American Home also contends that the trial court erred in denying it leave to file its second amended complaint. In view of our decision reversing the ruling of the trial court regarding necessary parties and *816 forum non conveniens, we need not reach this issue. Since this case is remanded to the trial court, American Home will be afforded the opportunity to amend its pleading in accordance with the Civil Practice Act. Ill. Rev. Stat. 1975, ch. 110, pars. 26, 46.

Michigan Chemical has filed a cross-appeal urging that the trial court erred in incorporating in its dismissal order a statement that the contracts of insurance arose in Illinois.
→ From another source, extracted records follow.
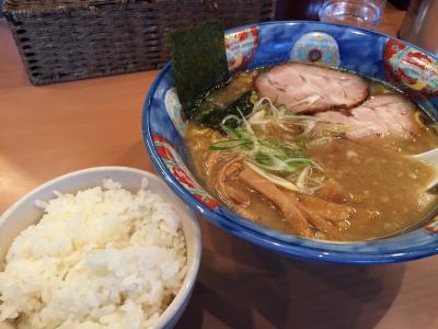 ご飯はサービスとのこと、ラーメンにはメンマ、チャーシュー、ねぎがのっていて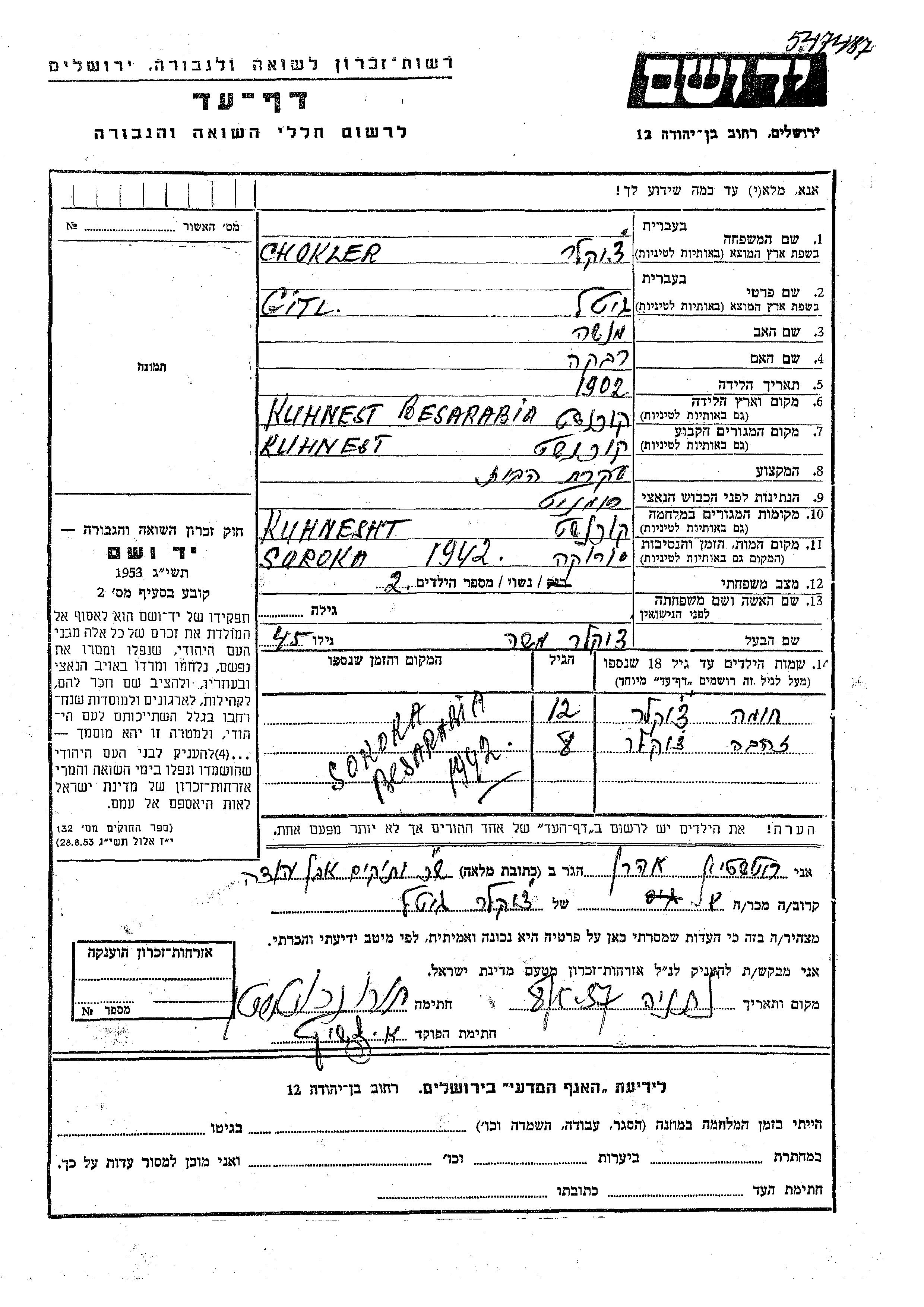 Хума Чоклер родился/родилась Моше Гитл. Ребенок. Место жительства до войны: Корнешть, Румыния. Место во время войны: Корнешть, Румыния.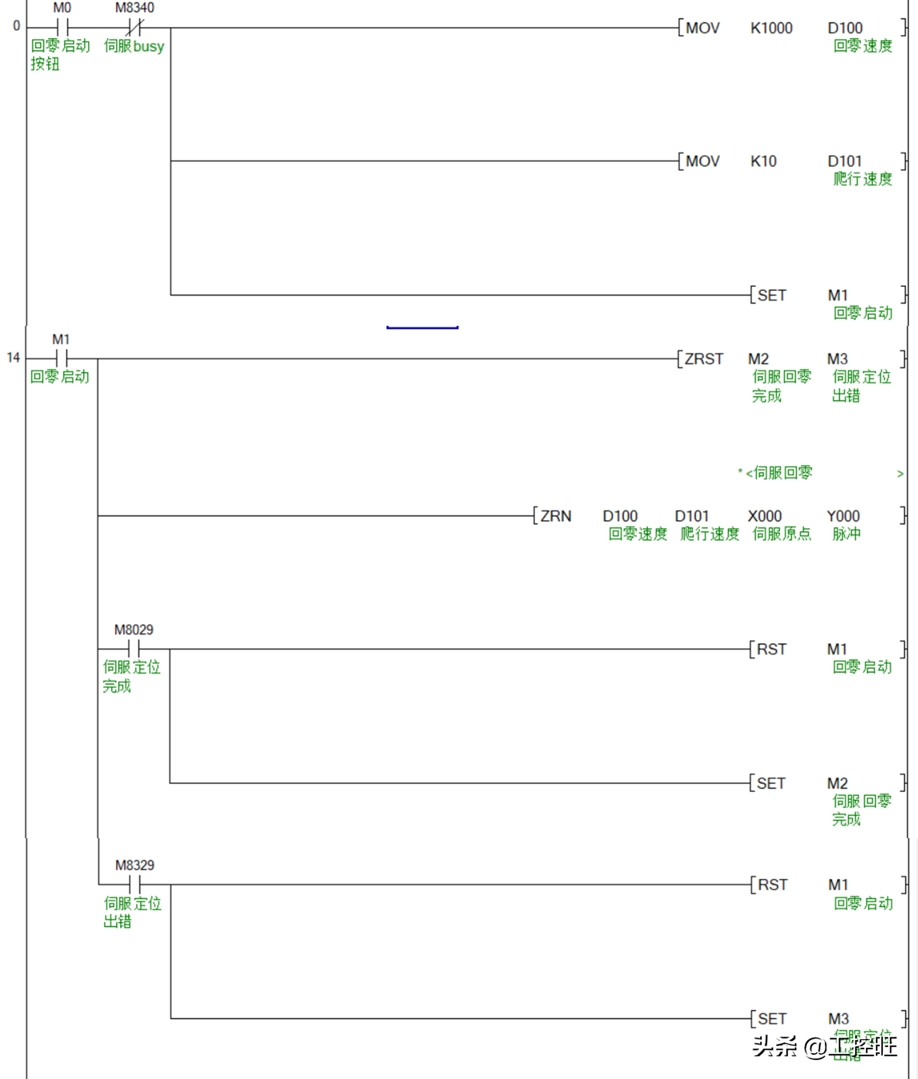 ZRN指令的说明:ZRNS1S2S3D;S1伺服回零时的速度,S2爬行速度,也就是伺服碰到近点感应器(也即原点感应器)时,在原点感应器ON期间的速度,S3为指定的近点感应器的的编号(为位寄存器),D为PLC的脉冲输出端,通常为Y0,Y1等高速脉冲输出口;

We hold that the statement of the trial court cannot be deemed a finding on the issue of where the insurance contracts arose.

As noted by Michigan Chemical, the record in this case is concerned primarily with whether FRS is a necessary party and whether Illinois is a forum non conveniens. Any evidence which refers to the making of the contracts was given in reference to whether Illinois was the proper forum. For that reason, the evidence is piecemeal and incomplete on the question of where the contracts arose. The statement made by the trial judge was later incorporated into his order at the insistence of counsel for American Home. At several points in the proceedings the judge observed that the evidence was insufficient to permit a definitive finding of the situs of the policies. Subsequent to his denial of American Home’s motion to vacate the order of dismissal, the judge stated that he did not believe that the question of the situs of the contracts was before the court. It is our belief that at this preliminary stage of the proceedings and on the basis of the contents of this record, no finding concerning the situs of the contracts was intended to be made. Therefore, we leave it to the trial court upon remandment and after a full hearing to determine where the contracts of insurance arose and the appropriate law which governs their interpretation.

For the reasons stated, the judgment of the circuit court of Cook County is reversed, and the cause is remanded for further proceedings consistent with this opinion.

Judgment reversed and cause remanded.

JIGANTI and.McGILLICUDDY, JJ., concur.